++++ SOURCE RECORDS ++++

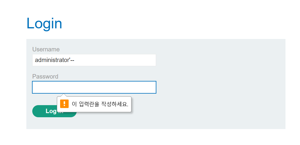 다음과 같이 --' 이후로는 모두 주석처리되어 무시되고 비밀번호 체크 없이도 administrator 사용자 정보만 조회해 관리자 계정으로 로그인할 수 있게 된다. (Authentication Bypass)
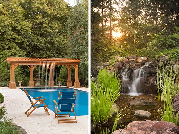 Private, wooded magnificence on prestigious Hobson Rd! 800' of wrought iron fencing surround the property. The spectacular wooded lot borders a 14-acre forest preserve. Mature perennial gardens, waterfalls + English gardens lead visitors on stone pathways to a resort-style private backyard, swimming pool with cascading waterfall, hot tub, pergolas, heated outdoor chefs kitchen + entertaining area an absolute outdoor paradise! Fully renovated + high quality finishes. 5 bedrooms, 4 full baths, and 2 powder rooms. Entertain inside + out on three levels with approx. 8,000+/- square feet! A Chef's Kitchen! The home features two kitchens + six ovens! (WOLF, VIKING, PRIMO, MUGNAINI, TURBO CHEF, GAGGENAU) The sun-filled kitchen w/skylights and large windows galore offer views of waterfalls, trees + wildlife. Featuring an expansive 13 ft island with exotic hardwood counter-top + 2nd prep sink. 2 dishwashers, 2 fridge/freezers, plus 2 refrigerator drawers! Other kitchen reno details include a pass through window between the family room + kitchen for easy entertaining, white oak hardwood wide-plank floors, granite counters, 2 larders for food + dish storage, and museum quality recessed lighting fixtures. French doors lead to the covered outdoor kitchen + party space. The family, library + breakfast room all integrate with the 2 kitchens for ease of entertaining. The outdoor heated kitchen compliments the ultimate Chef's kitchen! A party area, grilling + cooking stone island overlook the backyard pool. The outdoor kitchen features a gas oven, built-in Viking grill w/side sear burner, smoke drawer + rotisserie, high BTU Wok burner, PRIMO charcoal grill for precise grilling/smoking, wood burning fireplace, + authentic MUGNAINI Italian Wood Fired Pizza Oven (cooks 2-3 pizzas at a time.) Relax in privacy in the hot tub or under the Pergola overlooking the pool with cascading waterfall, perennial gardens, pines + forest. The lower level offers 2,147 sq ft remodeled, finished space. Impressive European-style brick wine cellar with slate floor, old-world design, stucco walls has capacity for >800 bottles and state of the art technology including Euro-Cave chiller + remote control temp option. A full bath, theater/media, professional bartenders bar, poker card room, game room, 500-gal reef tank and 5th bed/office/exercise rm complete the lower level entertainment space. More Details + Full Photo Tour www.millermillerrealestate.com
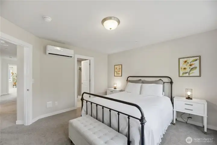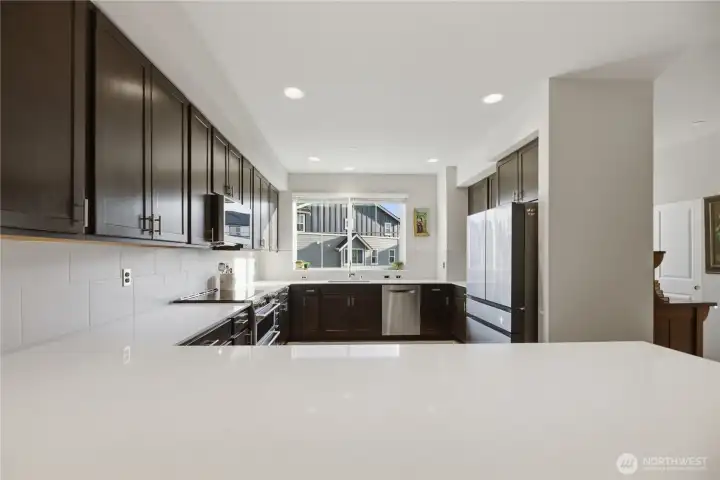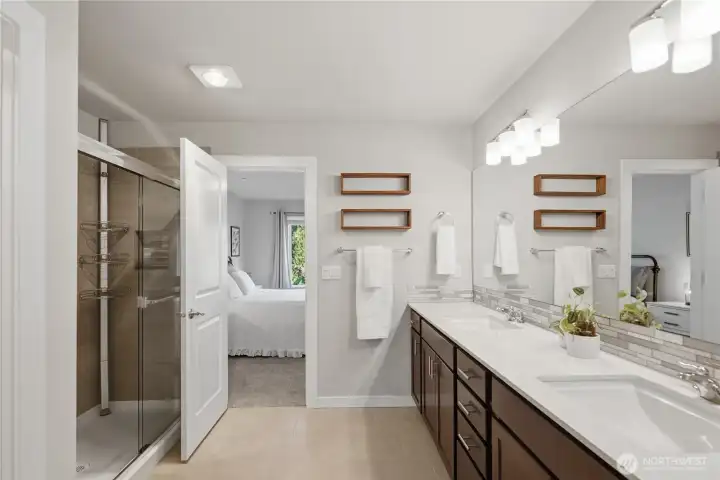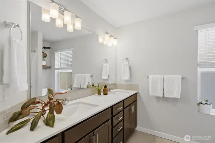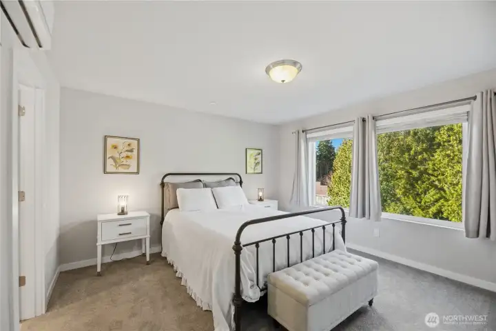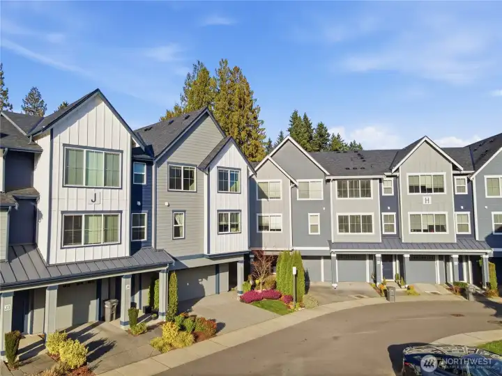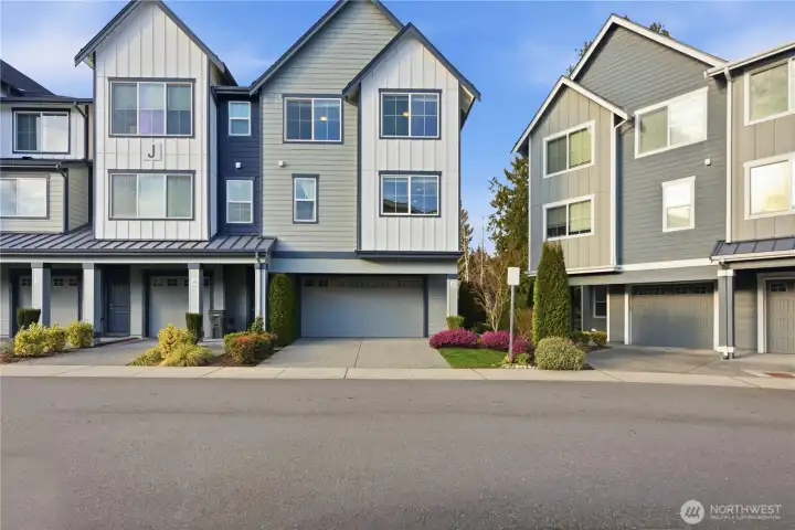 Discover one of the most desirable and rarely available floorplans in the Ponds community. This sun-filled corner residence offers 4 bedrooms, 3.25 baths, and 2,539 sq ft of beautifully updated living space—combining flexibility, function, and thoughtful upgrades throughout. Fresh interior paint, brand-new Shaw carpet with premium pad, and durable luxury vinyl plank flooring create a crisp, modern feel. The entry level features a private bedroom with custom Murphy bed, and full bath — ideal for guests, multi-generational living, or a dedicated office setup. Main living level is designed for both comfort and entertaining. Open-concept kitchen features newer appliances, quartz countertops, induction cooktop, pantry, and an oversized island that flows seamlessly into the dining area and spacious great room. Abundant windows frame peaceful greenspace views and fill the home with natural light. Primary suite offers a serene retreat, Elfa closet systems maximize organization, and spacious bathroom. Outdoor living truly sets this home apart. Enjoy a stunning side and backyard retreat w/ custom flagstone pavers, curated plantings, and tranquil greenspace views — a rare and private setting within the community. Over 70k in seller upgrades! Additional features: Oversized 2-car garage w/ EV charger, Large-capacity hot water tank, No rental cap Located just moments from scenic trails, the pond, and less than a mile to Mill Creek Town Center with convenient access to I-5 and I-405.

++++
++++ SOURCE RECORDS ++++

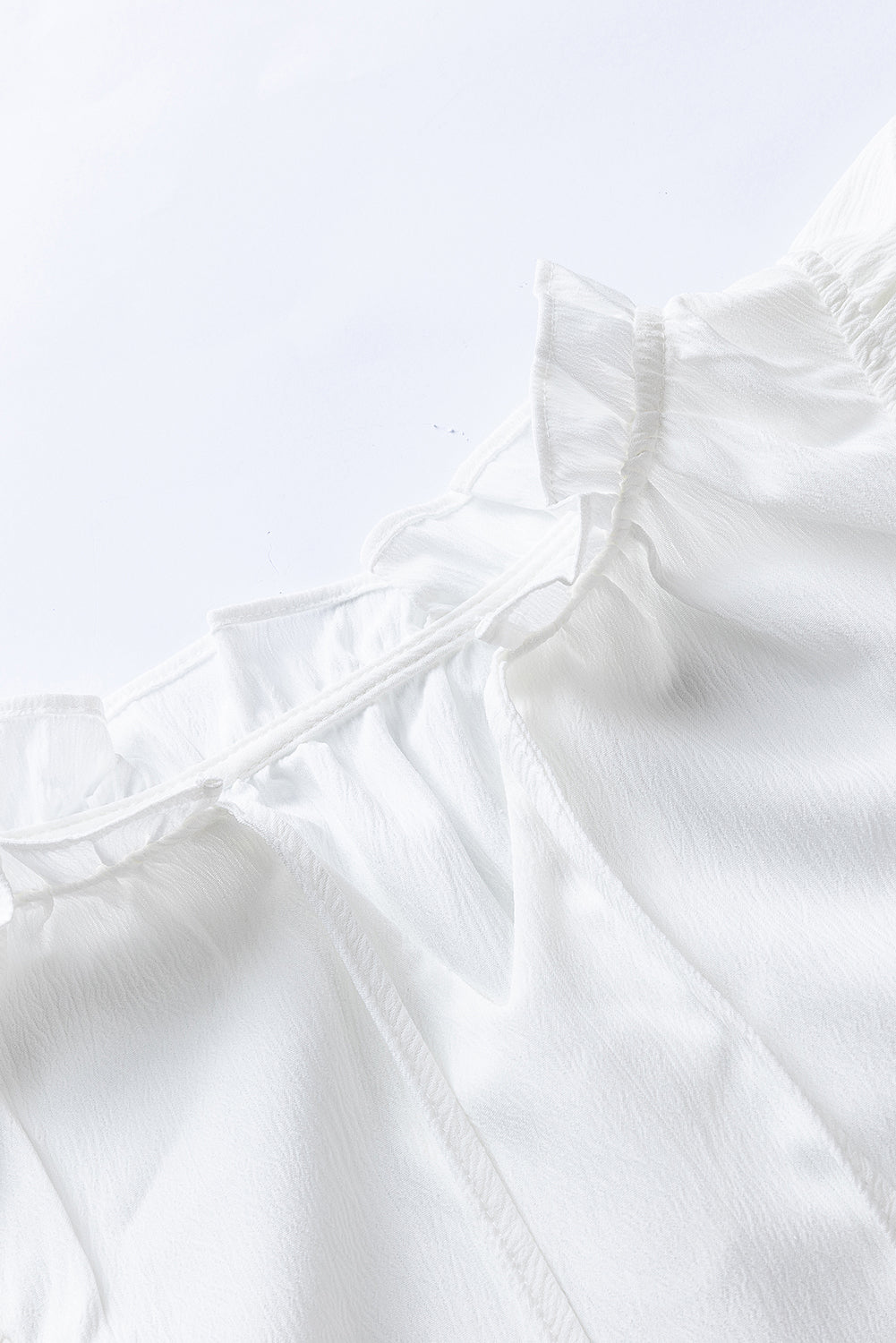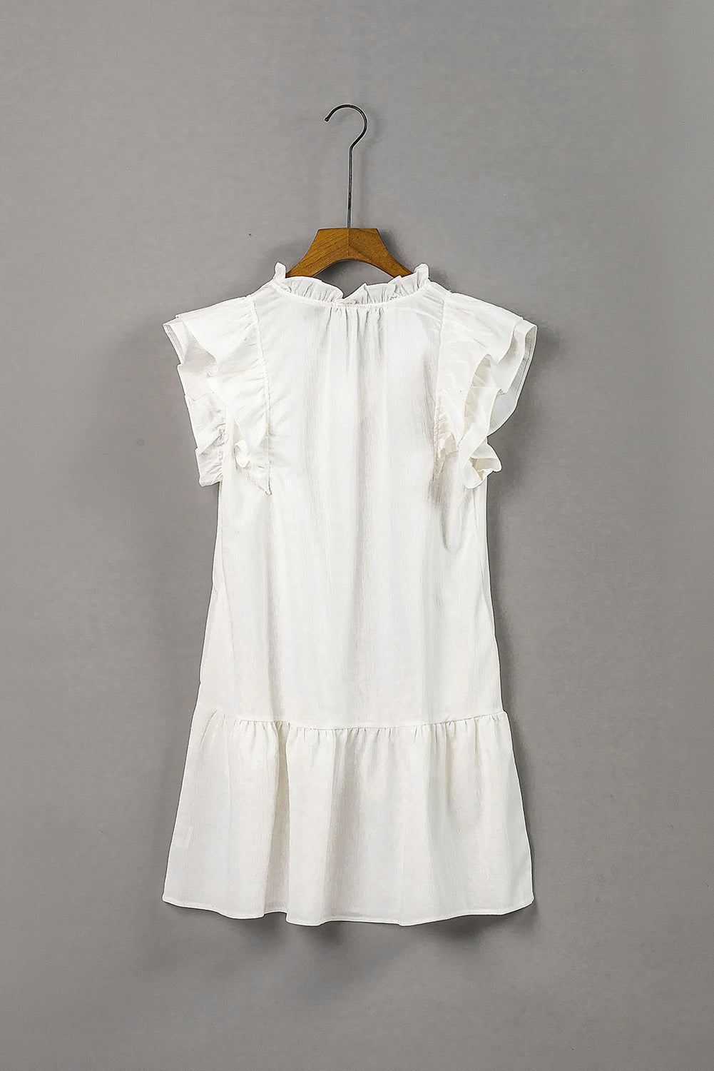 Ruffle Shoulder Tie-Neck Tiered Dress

++++
++++ SOURCE RECORDS ++++

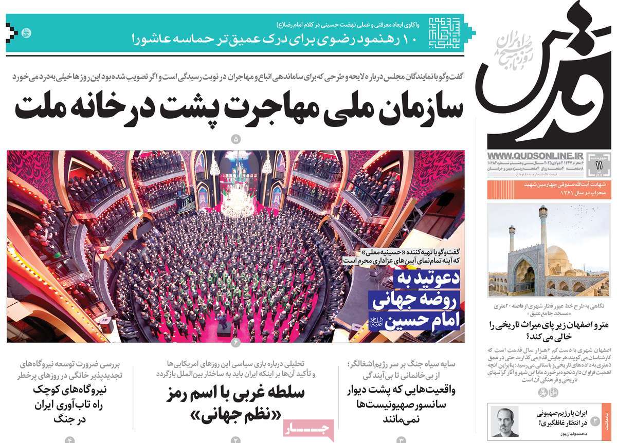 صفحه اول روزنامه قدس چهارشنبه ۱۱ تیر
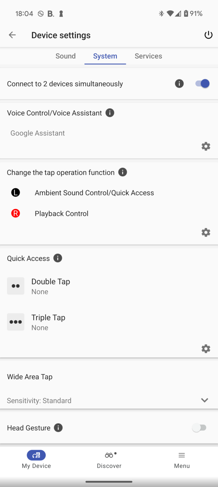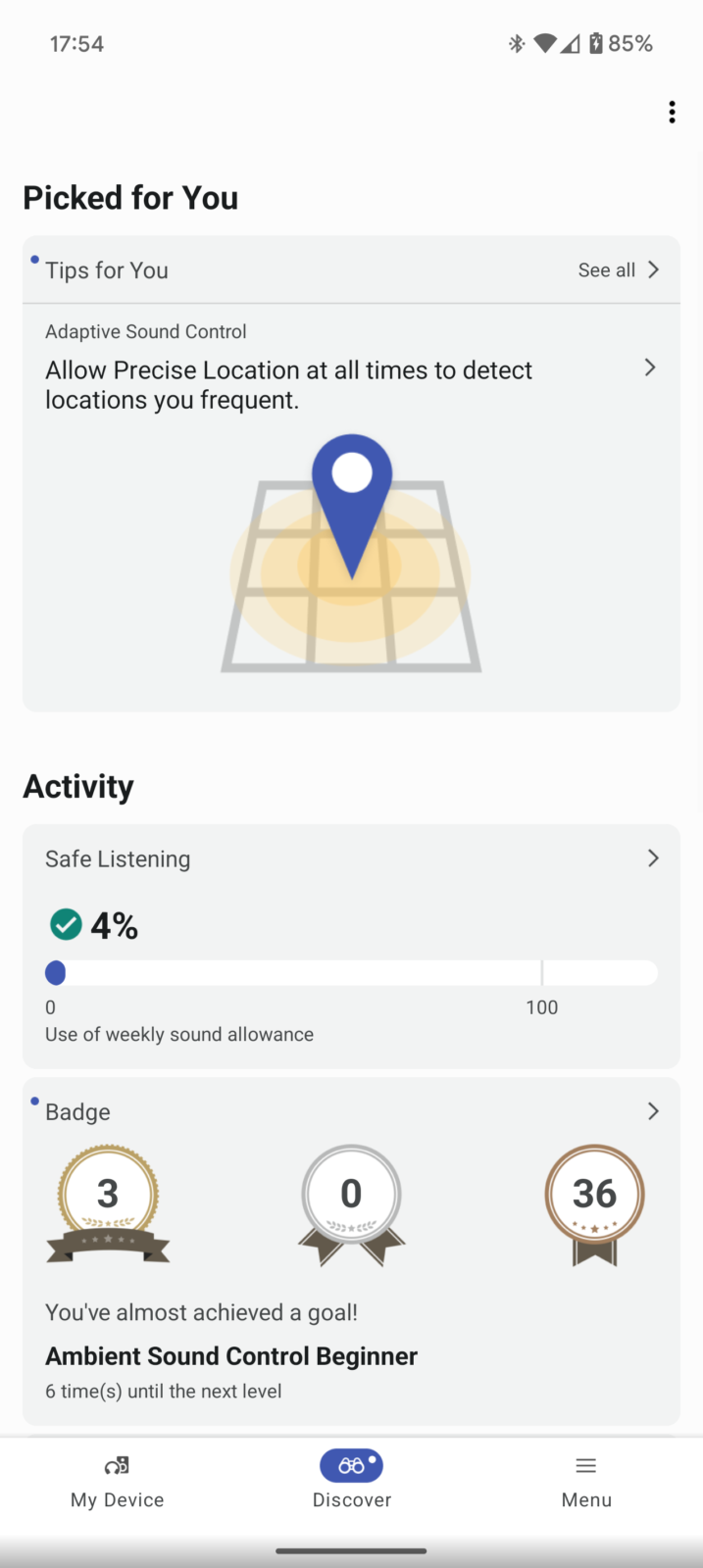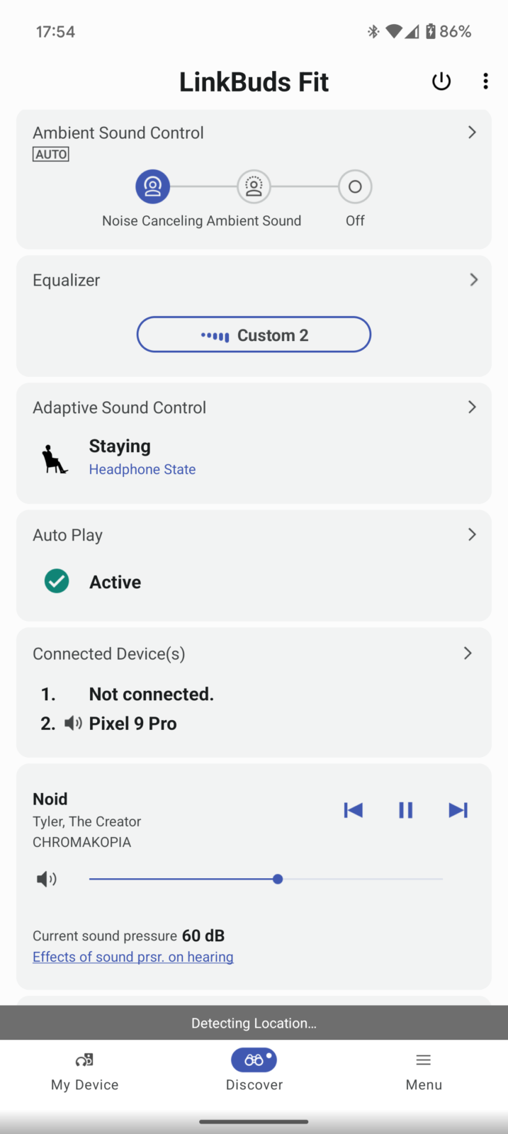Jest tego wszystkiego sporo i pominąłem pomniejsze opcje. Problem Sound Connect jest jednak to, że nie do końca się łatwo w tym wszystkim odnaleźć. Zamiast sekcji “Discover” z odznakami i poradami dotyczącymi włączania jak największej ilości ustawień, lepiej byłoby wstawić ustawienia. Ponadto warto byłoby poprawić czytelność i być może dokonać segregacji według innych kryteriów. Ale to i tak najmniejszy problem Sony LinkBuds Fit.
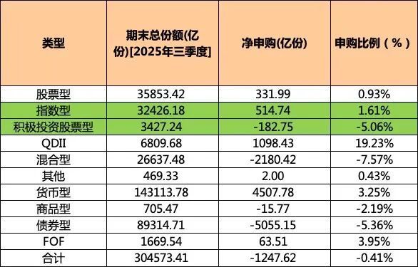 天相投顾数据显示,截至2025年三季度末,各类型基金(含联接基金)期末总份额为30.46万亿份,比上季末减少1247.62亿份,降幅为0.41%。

++++

# TASK PROMPT
With pictures omitted, repeat the entries above word for word from the line holding "صفحه اول روزنامه قدس چهارشنبه ۱۱ تیر" down to the line holding "天相投顾数据显示,截至202", keeping both of those lines.

# EXPECTED ANSWER
 صفحه اول روزنامه قدس چهارشنبه ۱۱ تیر
Jest tego wszystkiego sporo i pominąłem pomniejsze opcje. Problem Sound Connect jest jednak to, że nie do końca się łatwo w tym wszystkim odnaleźć. Zamiast sekcji “Discover” z odznakami i poradami dotyczącymi włączania jak największej ilości ustawień, lepiej byłoby wstawić ustawienia. Ponadto warto byłoby poprawić czytelność i być może dokonać segregacji według innych kryteriów. Ale to i tak najmniejszy problem Sony LinkBuds Fit.
 天相投顾数据显示,截至2025年三季度末,各类型基金(含联接基金)期末总份额为30.46万亿份,比上季末减少1247.62亿份,降幅为0.41%。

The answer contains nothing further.